De beste plek om te beginnen aan een ontdekkingstocht door de beboste westkust van Newfoundland is in het vredige stadje Deer Lake. Deer Lake werd halverwege de 20e eeuw gesticht als nederzetting voor de arbeiders van de nabijgelegen papierfabriek en is inmiddels uitgegroeid tot een stadje met 5000 inwoners, met goede uitvalswegen naar de prachtige natuurgebieden van de Humber Valley en verder.
De meest opvallende bezienswaardigheid in het stadscentrum is het Deer Lake Powerhouse, waar zes keer per dag een fluitsignaal klinkt.

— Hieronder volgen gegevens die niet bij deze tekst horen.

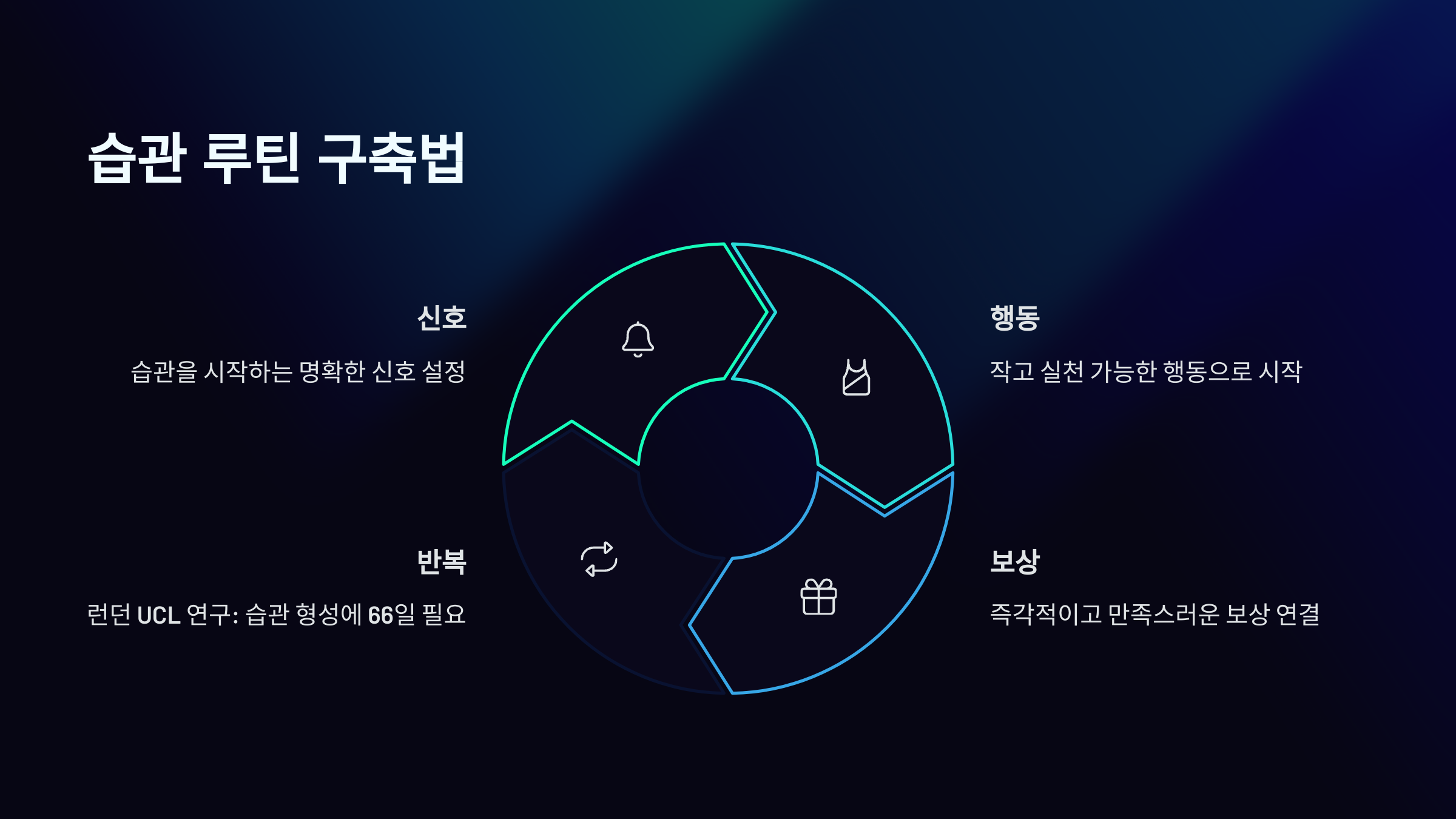 📖 루틴이 되려면 단순히 반복하는 걸 넘어서 의식처럼 자연스럽게 생활에 스며들어야 해요. 그 비결은 바로 ‘트리거 → 행동 → 보상’의 3단계 습관 구조예요. 이걸 잘 활용하면, 어떤 행동도 루틴으로 만들 수 있어요!
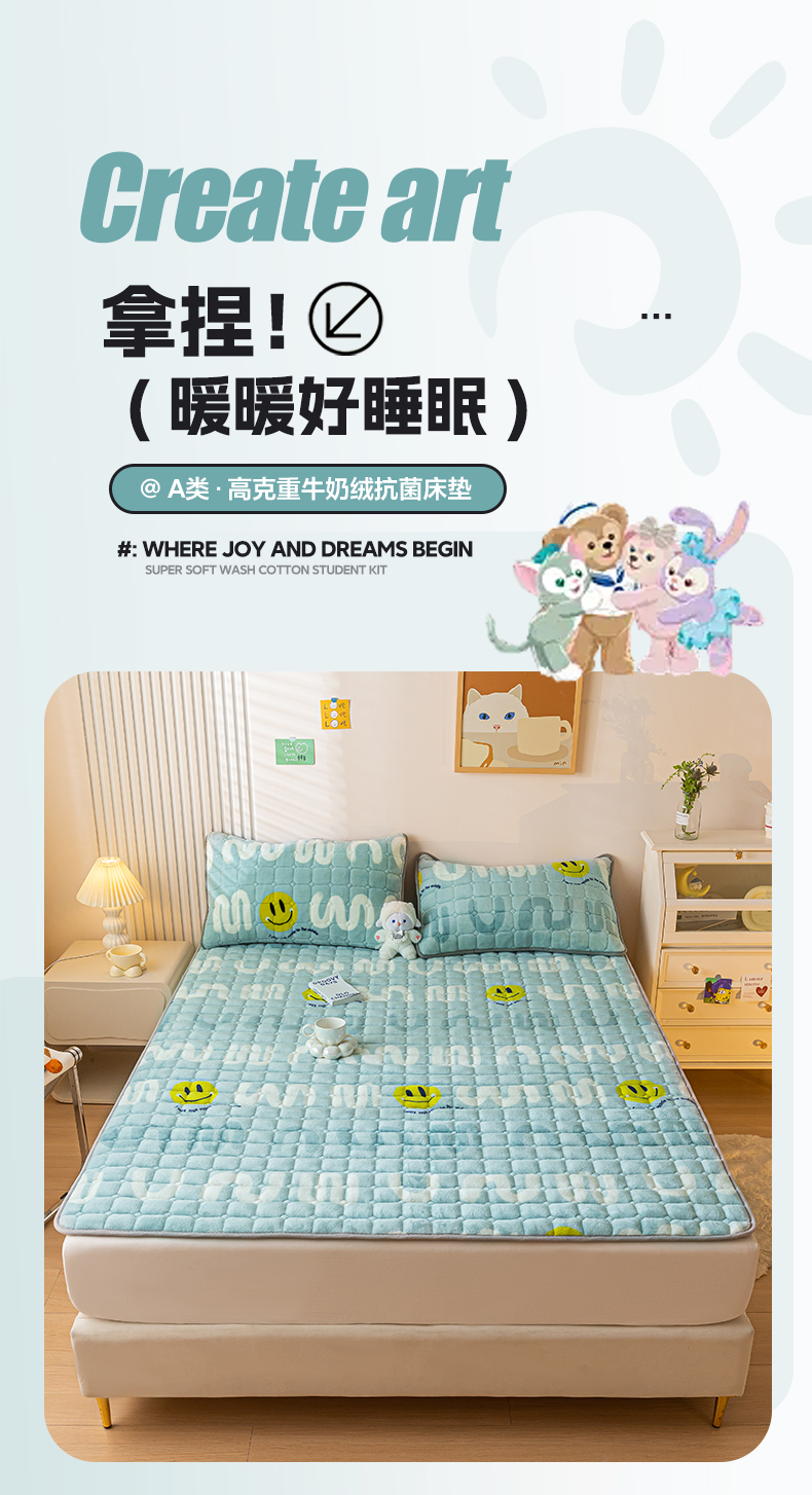 (总)卡伦家纺 2025新款A类牛奶绒夹棉加厚床垫单人双人床垫保护垫,爱的印记,爱心熊,安妮宝贝,宝石蓝,缤纷小可爱,草莓之恋,呆萌恐龙,高级灰,高雅紫,红豆沙,花间蘑力,花开一夏,花之谷,金叶飘香,开心乐园,梦想创造家,抹茶绿,南瓜灰灰,南瓜派,青春曲调,轻羽飞扬,甜蜜爱心,甜心小熊,香槟金,心相印,星幻恐龙,星梦露,熊熊世界,樱桃花语,云端漫步

Deer Lake wordt omringd door prachtig natuurschoon in de vorm van bossen en een meer. Langs de noordkant van het meer loopt een wandelpad. Vanaf het zandstrand kun je een duik nemen, maar je kunt ook vanaf een boot het meer verkennen en op zalm vissen. Huur in de winter een sneeuwscooter en volg een van de geprepareerde paden. Ga 's zomers golfen op de sfeervolle Humber River Golf Course.
Op een half uurtje rijden naar het noorden vind je Gros Morne National Park. Het park beschikt over een strook beschermde kustlijn langs de Saint Lawrencebaai en een gedeelte van de bergketen Long Range, al met al dus een gevarieerd landschap dat de moeite van het ontdekken zeker waard is. Maak een wandeling naar de Tablelands, een hoger gelegen gebied met oranje rotsen die zo uit een woestijn lijken te komen. Neem een boottochtje door het enorme fjord van het park. Tijdens je bezoek kun je allerlei wilde dieren tegenkomen, zoals elanden en kariboes.

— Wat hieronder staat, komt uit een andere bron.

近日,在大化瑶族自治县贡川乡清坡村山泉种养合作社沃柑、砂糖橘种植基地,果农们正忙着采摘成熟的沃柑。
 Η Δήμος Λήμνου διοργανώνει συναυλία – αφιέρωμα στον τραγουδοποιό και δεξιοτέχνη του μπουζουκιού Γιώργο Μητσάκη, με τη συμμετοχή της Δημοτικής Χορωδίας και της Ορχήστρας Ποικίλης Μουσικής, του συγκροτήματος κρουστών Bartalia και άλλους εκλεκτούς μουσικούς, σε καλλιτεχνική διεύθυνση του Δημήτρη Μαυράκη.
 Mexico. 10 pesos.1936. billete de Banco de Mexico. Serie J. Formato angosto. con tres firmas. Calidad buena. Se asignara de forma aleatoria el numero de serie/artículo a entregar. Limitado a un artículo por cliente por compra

Even ten noorden van de stad staat het Newfoundland Insectarium, met een van de grootste vlindertuinen die het oosten van Noord-Amerika kent. In een glazen bijenkorf zie je de honingbij en zijn fascinerende werk. In het Roy Whelan Heritage Museum leer je alles over de geschiedenis van de bos- en landbouw in deze regio.
Deer Lake is bereikbaar via de regionale luchthaven net buiten de stad, maar het is verstandig om de auto te nemen zodat je ook de meren, bossen en bergen in de omgeving kunt bezoeken.